Which of them can Ruth trust? And as memories of her childhood in Fiji press upon her with increasing urgency, can she even trust herself?
The Night Guest is a mesmerising novel about love, dependence, and the fear that the things you know best can become the things you're least certain about. (from http://www.penguin.com.au/products/9781743480601/night-guest)
The back of this book intrigued me with the talk of a tiger being in a house by the beach in Australia. I don't do well with unreliable narrators at the best of times, but found myself questioning things through the novel. When I finished it I wasn't at all sure how I felt about it.
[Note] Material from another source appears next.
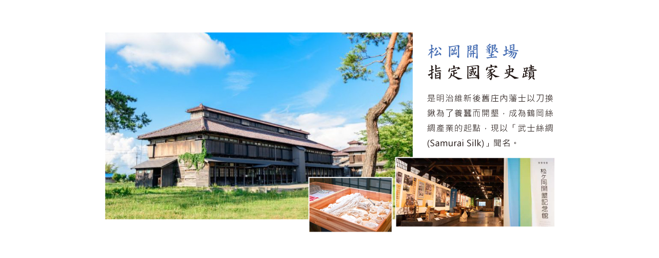 位於山形縣鶴岡市羽黑町的松岡開墾場,現為指定國家史蹟。是明治維新後舊庄內藩士以刀換鍬為了養蠶而開墾,成為鶴岡絲綢產業的起點,現以「武士絲綢(Samurai Silk)」聞名。

I think I was a little underwhelmed as I quite like knowing what is going on in novels and I wasn't sure I did with this one.
I am writing this review now a few weeks after having finished the book and am now thinking that it was quite well done. As I read the book I always had the feeling that I wasn't quite sure what was going on, and what was real. For a while I thought that Frida might have been like the tiger, a figment. However she did interact with Ruth's son and the neighbour who found Ruth's husband. There were scenes that had me flicking back through the book to check I hadn't missed anything. I thought that Frida was such an interesting character. I really wanted to like her but felt that something wasn't quite right with her. I think that is how readers are supposed to feel about her. The whole feeling of confusion or uncertainty about what was going on is I guess meant to show Ruth's decline.